- **ACTION ITEM**
In your copy of the data, omit the pictures and keep all else exactly as given.

- **INPUT DATA**
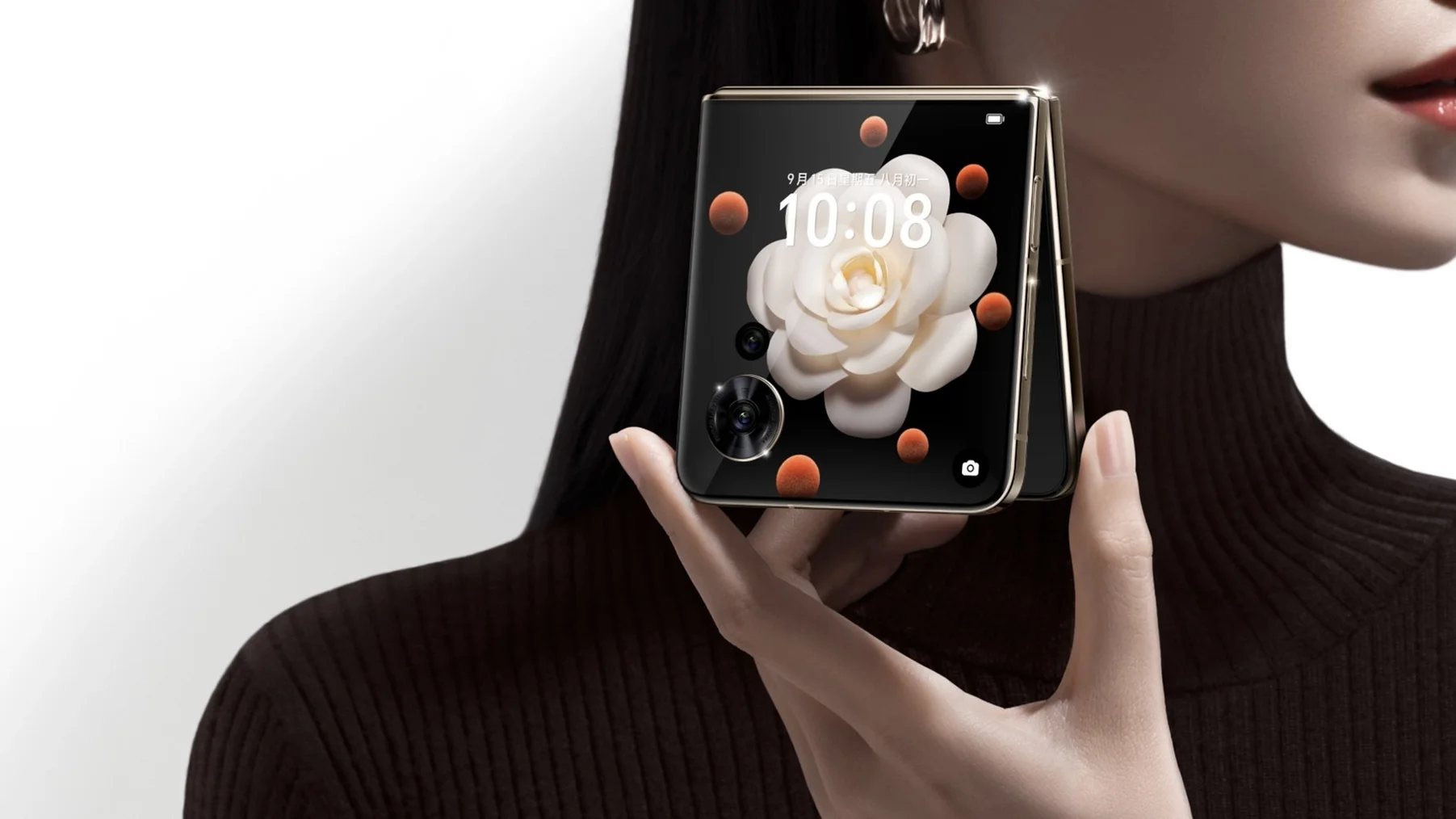 İkinci displeydə smartfonu moda aksesuarına çevirəcək vidjetlər və divar kağızları göstəriləcək. Honor-un məlumatına görə, Magic V Flip sahibinin istənilən şəklini tamamlaya biləcək. Məlumdur ki, 4 düymlük OLED ekran smartfonun ön hissəsinin 85%-ni tutur. Bu cür çərçivəsizliyə nail olmaq üçün flaşı qapaqların aşağı yarısına köçürməli və üstündə iki kamera qoymalı olduq: əsas və geniş bucaq.
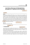 Fast Device Discovery for Remote Device Management in Lighting Control Networks Arial, Bold 16pt Arial, Bold 9pt Abstract The Remote Device Management (RDM) protocol is used to manage the devices in the lighting control networks. RDM provides bi-directional communications between a controller and many lighting devices over the DMX512-A network. In RDM, using a simple binary search scheme, which is based on the 48-bit unique ID (UID) of each device, discovers the lighting devices. However, the existing binary search scheme tends to require a large delay in the device discovery process. In this paper, we propose a novel partition-based discovery scheme for fast device discovery in RDM. In the proposed scheme, all devices are divided into several partitions as per the device UID, and the controller performs device discovery for each partition by configuring a response timer that each device will use. From numerical simulations, we can see that there is an optimal number of partitions to minimize the device discovery time for a given number of devices in the proposed scheme, and also that the proposed partition-based scheme can reduce the device discovery time, as Arial, Bold 9pt compared to the existing binary search scheme. Times New Roman, 9pt Keywords Device Discovery, Partition-Based, RDM Arial, Bold 14pt 1. Introduction Times New Roman, 9.5pt One of the primary issues in the lighting control network is how to effectively manage a lot of devices within the network. Some protocols for device management have so far been made in the PLASA Technical Standards Program (TSP) [1], which includes the Digital Multiplex 512-A (DMX512-A) [2] and Remote Device Management (RDM) [3]. The RDM protocol is performed based on the polling system, in which a controller initiates communication and the devices will respond to the request of controller. RDM is used for the discovery and management of devices that are connected through the DMX512-A link. For device discovery, the controller uses a simple binary search scheme, based on the 48-bit unique ID (UID). However, this device discovery scheme tends to require a lengthy discovery time due to exploring the 248 theoretically www.kips.or.kr Copyright© XXXX KIPS Aria, 6pt Fast Device Discovery for Remote Device Management in Lighting Control Networks possible devices, even though a controller is usually able to handle only tens of thousands. In this paper, we propose a partition-based discovery scheme for fast device discovery in RDM. In the proposed scheme, all devices in the RDM network are divided into several partitions as per the device UID, and the controller performs the device discovery for each partition by using a suitable response timer for the devices. This paper is organized as follows: Section 2 discusses the existing device discovery scheme. In Section 3, we propose the fast device discovery scheme for RDM. In Section 4, we analyze and compare the existing and proposed schemes in terms of device discovery times. Section 5 concludes this paper. Arial, Bold 14pt 2. Existing Device Discovery Scheme In RDM [3], a simple binary search scheme is used for device discovery, which is based on the 48-bit UID of each device. Fig. 1 shows the existing device discovery scheme, in which a controller performs a binary search for devices with the UIDs ranging from 0 to 2 48. Arial 12pt 2.1 Wavelet Filterbank Theory Initially, the controller sets the UID search range with (lower, upper) and sends a discovery message to all of the devices in the RDM network. If the controller responds to a single response message, the corresponding device will be successfully found. Otherwise, if two or more devices have responded at the same time, the controller cannot process the multiple response messages due to the characteristics of the DMX512-A link [2]. This is because the DMX512-A link does not use the packet scheduling functionality and thus, multiple response messages will be simply corrupted and discarded by the controller. In this case, the controller will further divide the UID search range into the two parts. Start: Search Range (0, 248) Search Range (lower, upper) Send discovery message Found Single Search Range (mid+1, upper) Response? None Times New Roman , Bold 9.5pt End: Search Range Complete Multiple Search Range (lower, mid) Times New Roman, 9.5pt Fig. 1. Existing device discovery in Remote Device Management (RDM). 2 | J Inf Process Syst, 3. Proposed Device Discovery Scheme Arial, Bold 14pt The existing device discovery scheme gives a lengthy device discovery time because the 48-bit UID search range (248) tends to induce very deep tree levels along the binary search tree. Thus, we propose a new device discovery scheme, called partition-based device discovery. In the proposed scheme, all devices in the network will be grouped into Np partitions, as shown in Fig. Arial, 7pt 2. Partition 0 Partition Np-1 Partition 1 Fig. 2. Partitions of devices in Remote Device Management (RDM). Given the number of partitions (Np), the partition of a device (0, 1, .., Np-1) is determined by using the modulo (%) operator and the device UID, as follows: Partition of device UID = UID % Np. Arial, Italic 9.5pt Then, the proposed scheme is performed for each partition, as shown in Fig. 3. Start: Set Np k=0 Stop: Complete Yes k >= Np No Set MRT(t=0) Send discovery t = t+1 MRT(t) = MRT(t-1)+DII Fail Response? Success Some devices are found No Response k=k+1 (Next Partition) Fig. 3. Proposed partition-based device discovery. For each partition k, the controller first sends a discovery message to all devices. Then, all of the J Inf Process Syst, | 3 Fast Device Discovery for Remote Device Management in Lighting Control Networks devices that belong to the partition shall respond to the controller. If two or more response messages are generated at the same time, the controller will fail to discover those devices due to collisions. Thus, to reduce the possibility of multiple responses, 
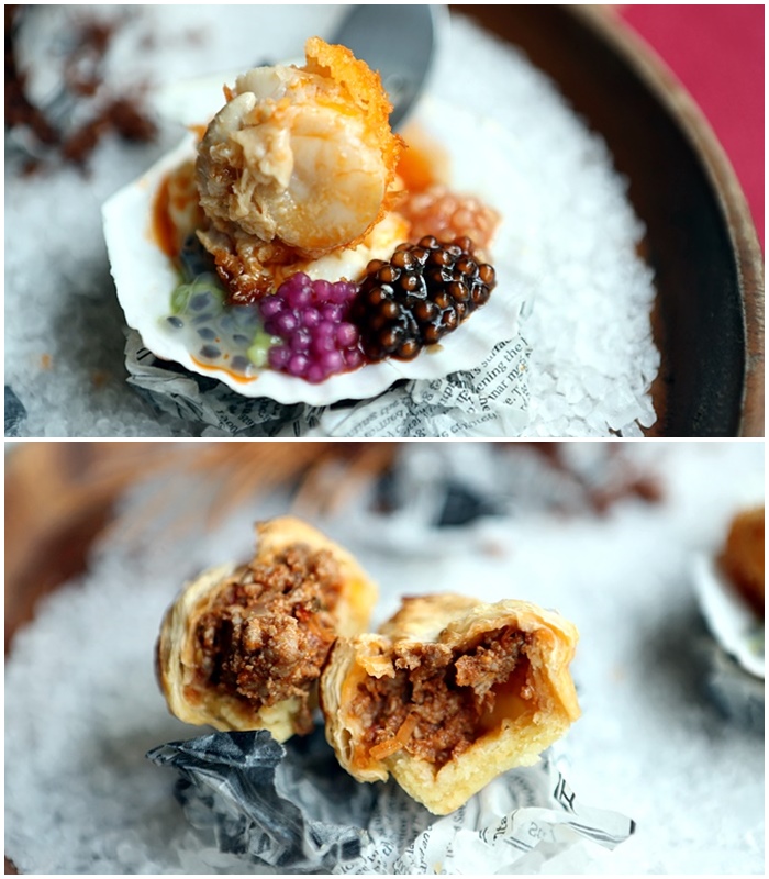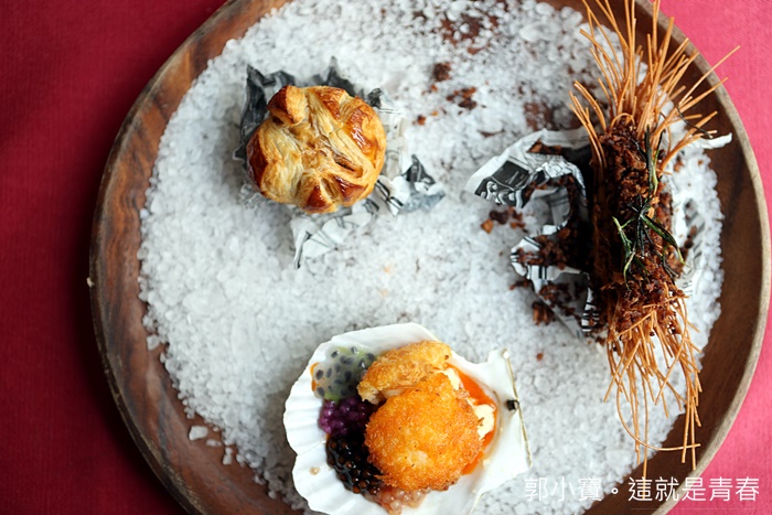 濃縮蝦油麥年海扇貝 迷迭香可可酥炸淡菜 澳洲羊梅花酥烤小品

- **SOLUTION FOR THIS EXERCISE**
 İkinci displeydə smartfonu moda aksesuarına çevirəcək vidjetlər və divar kağızları göstəriləcək. Honor-un məlumatına görə, Magic V Flip sahibinin istənilən şəklini tamamlaya biləcək. Məlumdur ki, 4 düymlük OLED ekran smartfonun ön hissəsinin 85%-ni tutur. Bu cür çərçivəsizliyə nail olmaq üçün flaşı qapaqların aşağı yarısına köçürməli və üstündə iki kamera qoymalı olduq: əsas və geniş bucaq.
 Fast Device Discovery for Remote Device Management in Lighting Control Networks Arial, Bold 16pt Arial, Bold 9pt Abstract The Remote Device Management (RDM) protocol is used to manage the devices in the lighting control networks. RDM provides bi-directional communications between a controller and many lighting devices over the DMX512-A network. In RDM, using a simple binary search scheme, which is based on the 48-bit unique ID (UID) of each device, discovers the lighting devices. However, the existing binary search scheme tends to require a large delay in the device discovery process. In this paper, we propose a novel partition-based discovery scheme for fast device discovery in RDM. In the proposed scheme, all devices are divided into several partitions as per the device UID, and the controller performs device discovery for each partition by configuring a response timer that each device will use. From numerical simulations, we can see that there is an optimal number of partitions to minimize the device discovery time for a given number of devices in the proposed scheme, and also that the proposed partition-based scheme can reduce the device discovery time, as Arial, Bold 9pt compared to the existing binary search scheme. Times New Roman, 9pt Keywords Device Discovery, Partition-Based, RDM Arial, Bold 14pt 1. Introduction Times New Roman, 9.5pt One of the primary issues in the lighting control network is how to effectively manage a lot of devices within the network. Some protocols for device management have so far been made in the PLASA Technical Standards Program (TSP) [1], which includes the Digital Multiplex 512-A (DMX512-A) [2] and Remote Device Management (RDM) [3]. The RDM protocol is performed based on the polling system, in which a controller initiates communication and the devices will respond to the request of controller. RDM is used for the discovery and management of devices that are connected through the DMX512-A link. For device discovery, the controller uses a simple binary search scheme, based on the 48-bit unique ID (UID). However, this device discovery scheme tends to require a lengthy discovery time due to exploring the 248 theoretically www.kips.or.kr Copyright© XXXX KIPS Aria, 6pt Fast Device Discovery for Remote Device Management in Lighting Control Networks possible devices, even though a controller is usually able to handle only tens of thousands. In this paper, we propose a partition-based discovery scheme for fast device discovery in RDM. In the proposed scheme, all devices in the RDM network are divided into several partitions as per the device UID, and the controller performs the device discovery for each partition by using a suitable response timer for the devices. This paper is organized as follows: Section 2 discusses the existing device discovery scheme. In Section 3, we propose the fast device discovery scheme for RDM. In Section 4, we analyze and compare the existing and proposed schemes in terms of device discovery times. Section 5 concludes this paper. Arial, Bold 14pt 2. Existing Device Discovery Scheme In RDM [3], a simple binary search scheme is used for device discovery, which is based on the 48-bit UID of each device. Fig. 1 shows the existing device discovery scheme, in which a controller performs a binary search for devices with the UIDs ranging from 0 to 2 48. Arial 12pt 2.1 Wavelet Filterbank Theory Initially, the controller sets the UID search range with (lower, upper) and sends a discovery message to all of the devices in the RDM network. If the controller responds to a single response message, the corresponding device will be successfully found. Otherwise, if two or more devices have responded at the same time, the controller cannot process the multiple response messages due to the characteristics of the DMX512-A link [2]. This is because the DMX512-A link does not use the packet scheduling functionality and thus, multiple response messages will be simply corrupted and discarded by the controller. In this case, the controller will further divide the UID search range into the two parts. Start: Search Range (0, 248) Search Range (lower, upper) Send discovery message Found Single Search Range (mid+1, upper) Response? None Times New Roman , Bold 9.5pt End: Search Range Complete Multiple Search Range (lower, mid) Times New Roman, 9.5pt Fig. 1. Existing device discovery in Remote Device Management (RDM). 2 | J Inf Process Syst, 3. Proposed Device Discovery Scheme Arial, Bold 14pt The existing device discovery scheme gives a lengthy device discovery time because the 48-bit UID search range (248) tends to induce very deep tree levels along the binary search tree. Thus, we propose a new device discovery scheme, called partition-based device discovery. In the proposed scheme, all devices in the network will be grouped into Np partitions, as shown in Fig. Arial, 7pt 2. Partition 0 Partition Np-1 Partition 1 Fig. 2. Partitions of devices in Remote Device Management (RDM). Given the number of partitions (Np), the partition of a device (0, 1, .., Np-1) is determined by using the modulo (%) operator and the device UID, as follows: Partition of device UID = UID % Np. Arial, Italic 9.5pt Then, the proposed scheme is performed for each partition, as shown in Fig. 3. Start: Set Np k=0 Stop: Complete Yes k >= Np No Set MRT(t=0) Send discovery t = t+1 MRT(t) = MRT(t-1)+DII Fail Response? Success Some devices are found No Response k=k+1 (Next Partition) Fig. 3. Proposed partition-based device discovery. For each partition k, the controller first sends a discovery message to all devices. Then, all of the J Inf Process Syst, | 3 Fast Device Discovery for Remote Device Management in Lighting Control Networks devices that belong to the partition shall respond to the controller. If two or more response messages are generated at the same time, the controller will fail to discover those devices due to collisions. Thus, to reduce the possibility of multiple responses, 
 濃縮蝦油麥年海扇貝 迷迭香可可酥炸淡菜 澳洲羊梅花酥烤小品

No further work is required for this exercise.